Language models shift from lying to truth-telling around 3.5B parameters
A new arXiv preprint identifies a critical scale around 3.5 billion parameters where language models transition from anticorrelated reasoning-truthfulness to cooperative alignment, with architecture and data curation shifting the threshold independently of size.
A preprint posted to arXiv this week describes a phase transition in how language models balance reasoning and truthfulness. Below a family-dependent critical scale — roughly 3.5 billion parameters with a bootstrap confidence interval of 2.9B to 13.4B — the two capabilities anticorrelate: models that reason better lie more. Above that threshold, reasoning and truthfulness cooperate. The finding comes from measurements across 63 base models spanning 16 families, and the transition is invisible to standard loss curves.
Parameter count alone does not determine the threshold.
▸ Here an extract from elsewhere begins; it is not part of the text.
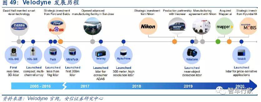Velodyne 是車載激光雷達領(lǐng)域的鼻祖,在機械式激光雷達獲得成功后,于 2015 年開始研發(fā)固態(tài)激光雷達,2017 年發(fā)布固態(tài)激光雷達 Velarray,2020 初基本完成設(shè)計。

Curated training eliminated the anticorrelation dip between Qwen generations, raising coupling from 0.025 to 0.830 at matched scale. Gemma-4 at 4 billion parameters achieves a coupling coefficient of 0.871—characteristic of 13B+ standard-trained models—through distillation and architectural changes. Phi at 1 billion matches the coupling of web-trained 10B models through data curation alone. Width normalization eliminates the anticorrelation across all tested families, pointing to an output-projection bottleneck. The cooperative regime extends to frontier models: a correlation of +0.72 across 34 models from 10 labs. The authors released code, data, an activation-steering tool, and an interactive dashboard at zehenlabs.com/cape that diagnoses any model's coupling phase and provides scaling predictions.